**The task:** Once the line containing "NWT Lisa Says" appears, output it and each remaining line of the records below exactly, with no pictures and nothing more.

**Data records:**
+---+

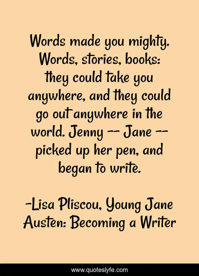 This page presents the quote "Words made you mighty. Words, stories, books: they could take you anywhere, and they could go out anywhere in the world. Jenny -- Jane -- picked up her pen, and began to write.". Author of this quote is Lisa Pliscou, Young Jane Austen: Becoming a Writer. This quote is about writers, jane-austen, writing-life, young-jane-austen,.
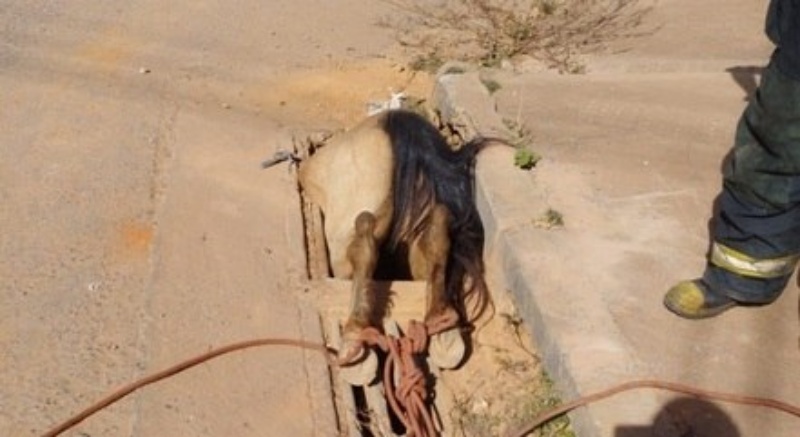 Um cavalo foi resgatado após cair em um bueiro de cerca de 1 metro e meio em Montes Claros (MG), cidade a 422 km de Belo Horizonte, no último domingo (10). O Corpo de Bombeiros resgatou o animal, que ficou apenas com as patas traseiras para fora do buraco.
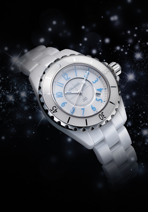 여자들의 로망인 샤넬의 화이트 세라믹 워치. 가장 기본형인 순백의 세라믹에 독특하게 파스텔 블루 컬러의 야광 인덱스 다이얼을 매치한 여성스러운 디자인의 한정판 J12. 6백만원대.
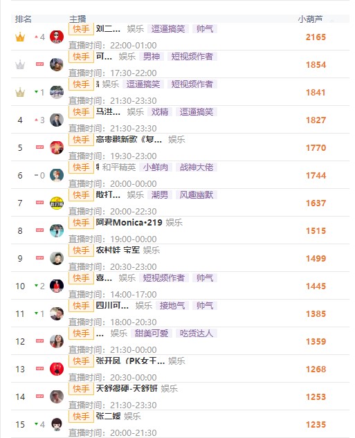 如果单从流量上来看抖音和快手无疑是要大幅领先斗鱼的,但各自庞大的用户基础并没有帮助它们在直播的跨领域竞争中所向披靡。根据小葫芦的数据显示,快手排名前15位的主播里均为娱乐秀场型主播,没有一名游戏主播。这种相对单一的情况背后,是短视频平台碎片化、泛娱乐化风格的限制。
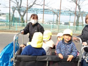 そらぐみ、ふたばぐみのお友だちは保育所へ戻ってから食べました。
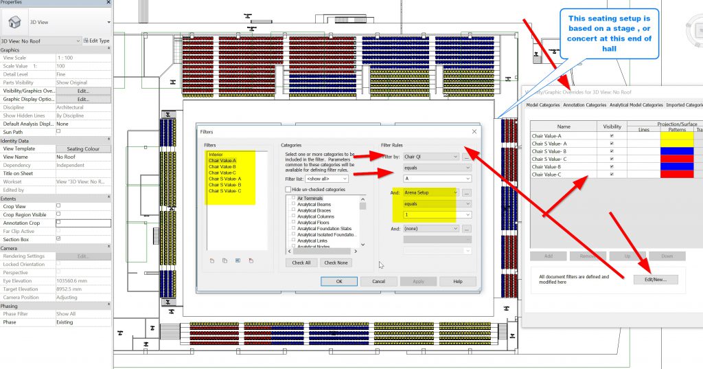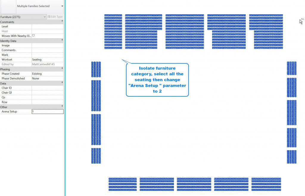 For the 3DPDF’s I just created 2 files (although you could merge them into one file) so that one showed one setup for basketball, the other the setup for the Stage/concert. As you can do a Model Tree export to Excel you get all the correct seat priorities exported.
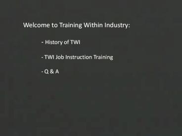 <Notice: Removed> Welcome to Training Within Industry: PowerPoint PPT Presentation
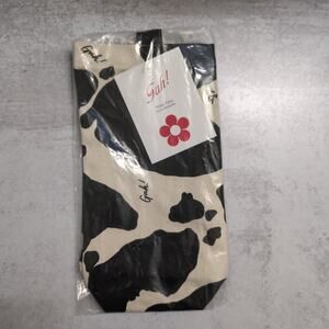 NWT Lisa Says Gah Black and Ivory Cow Print Canvas Wine Tote
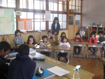 ・今日の4校時,四色に分かれての縦割り班会で1年生歓迎遠足に何処に行くのか話し合ったりした後校庭でお花見をしました。
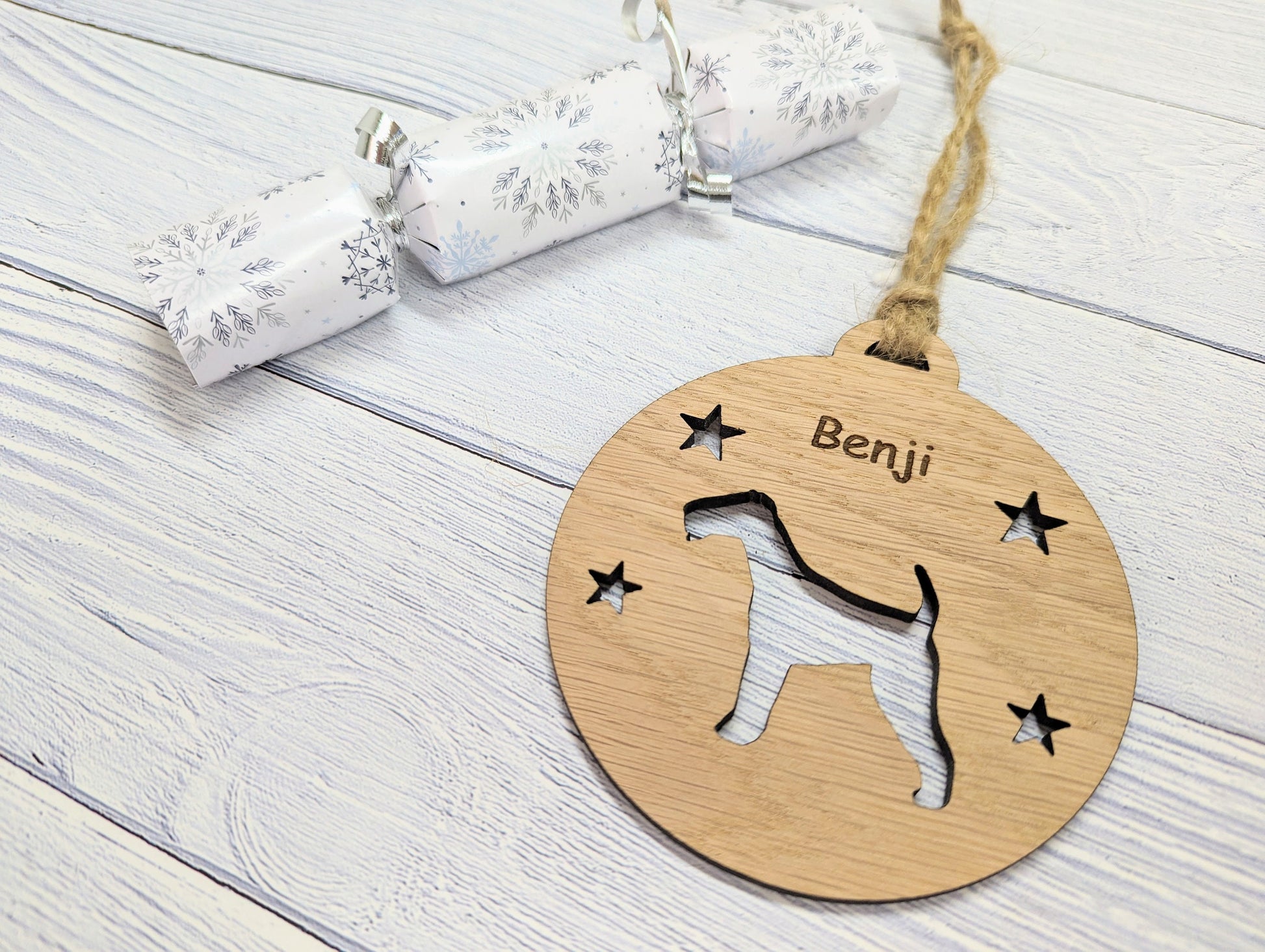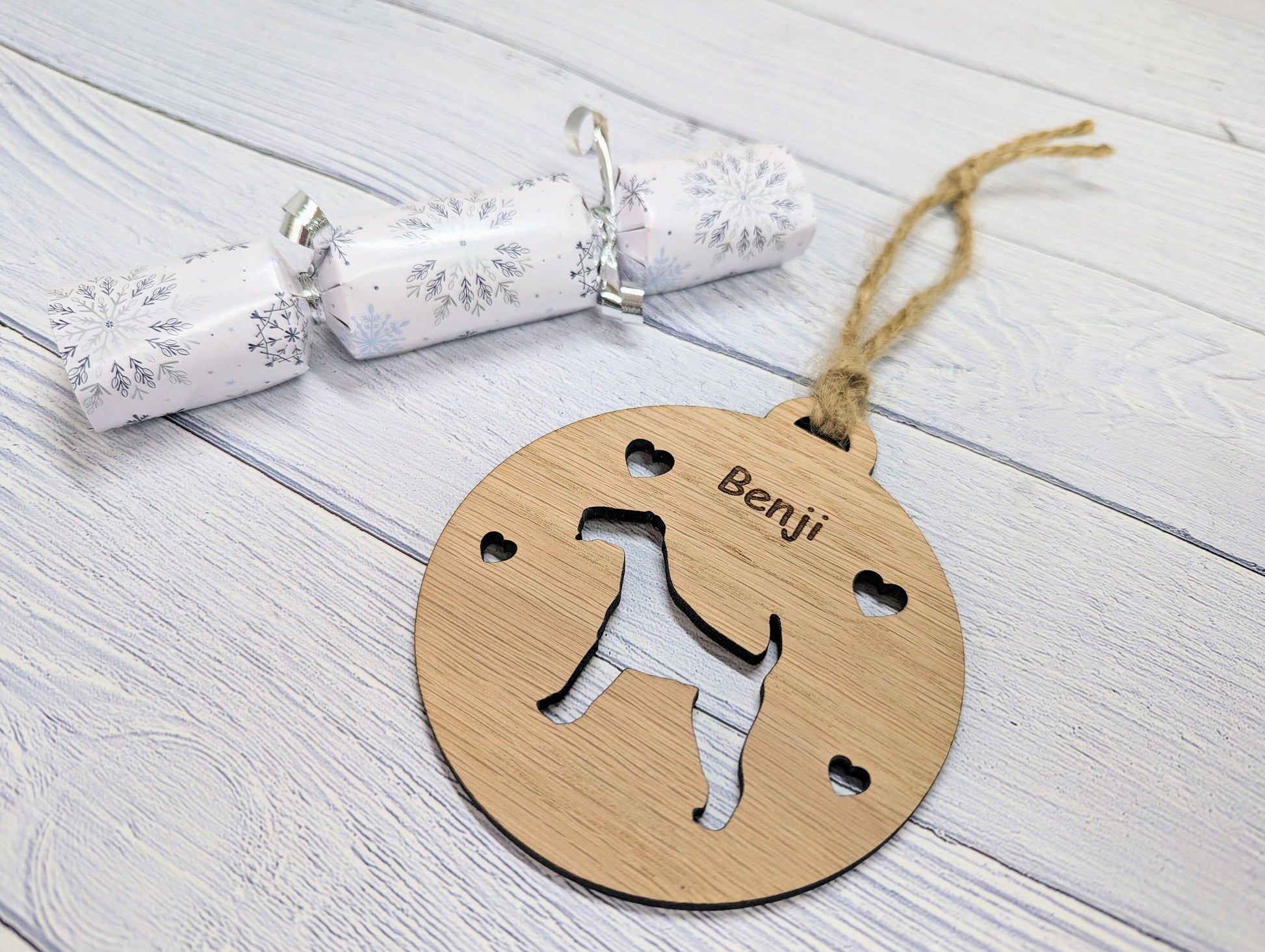 Our Airedale Terrier bauble comes in two styles: with stars or hearts cut out of the Oak Veneered MDF. Choose the one that best matches your holiday decor.
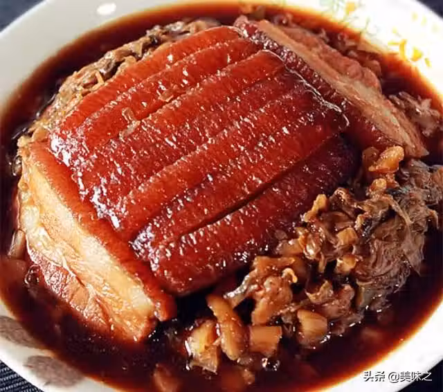 15、湯汁重新回鍋,用澱粉水勾簿茨,淋在梅菜扣肉表面,完工!

+---+

**Problem solution:**
 NWT Lisa Says Gah Black and Ivory Cow Print Canvas Wine Tote
 ・今日の4校時,四色に分かれての縦割り班会で1年生歓迎遠足に何処に行くのか話し合ったりした後校庭でお花見をしました。
 Our Airedale Terrier bauble comes in two styles: with stars or hearts cut out of the Oak Veneered MDF. Choose the one that best matches your holiday decor.
 15、湯汁重新回鍋,用澱粉水勾簿茨,淋在梅菜扣肉表面,完工!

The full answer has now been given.